- Date: 6–12 December
- Edition: 3rd
- Surface: Clay
- Location: Maia, Portugal

Champions

Singles
- Geoffrey Blancaneaux

Doubles
- Nuno Borges / Francisco Cabral
- ← 2020 · Maia Challenger · 2021 →

= 2021 Maia Challenger =

The 2021 Maia Challenger was a professional tennis tournament played on clay courts. It was the third edition of the tournament which was part of the 2021 ATP Challenger Tour. It took place in Maia, Portugal from 6 to 12 December 2021.
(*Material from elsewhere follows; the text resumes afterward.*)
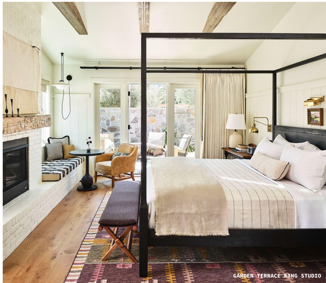
GARDEN TERRACE KING STUDIO

==Singles main-draw entrants==
===Seeds===

| Country | Player | Rank^{1} | Seed |
|---|---|---|---|
| SVK | Andrej Martin | 121 | 1 |
| BEL | Kimmer Coppejans | 205 | 2 |
| POR | Gastão Elias | 222 | 3 |
| POR | João Domingues | 248 | 4 |
| POR | Nuno Borges | 253 | 5 |
| TPE | Tseng Chun-hsin | 254 | 6 |
| CAN | Steven Diez | 269 | 7 |
| FRA | Geoffrey Blancaneaux | 281 | 8 |

- ^{1} Rankings are as of 29 November 2021.

===Other entrants===
The following players received wildcards into the singles main draw:
- POR Pedro Araújo
- POR Tiago Cação
- POR Duarte Vale

The following players received entry into the singles main draw using protected rankings:
- MAR Elliot Benchetrit
- BEL Julien Cagnina

The following players received entry from the qualifying draw:
- ITA Lorenzo Bocchi
- ESP Miguel Damas
- GER Oscar Moraing
- ITA Simone Roncalli

==Champions==
===Singles===

- FRA Geoffrey Blancaneaux def. TPE Tseng Chun-hsin 3–6, 6–3, 6–2.

===Doubles===

- POR Nuno Borges / POR Francisco Cabral def. SVK Andrej Martin / POR Gonçalo Oliveira 6–3, 6–4.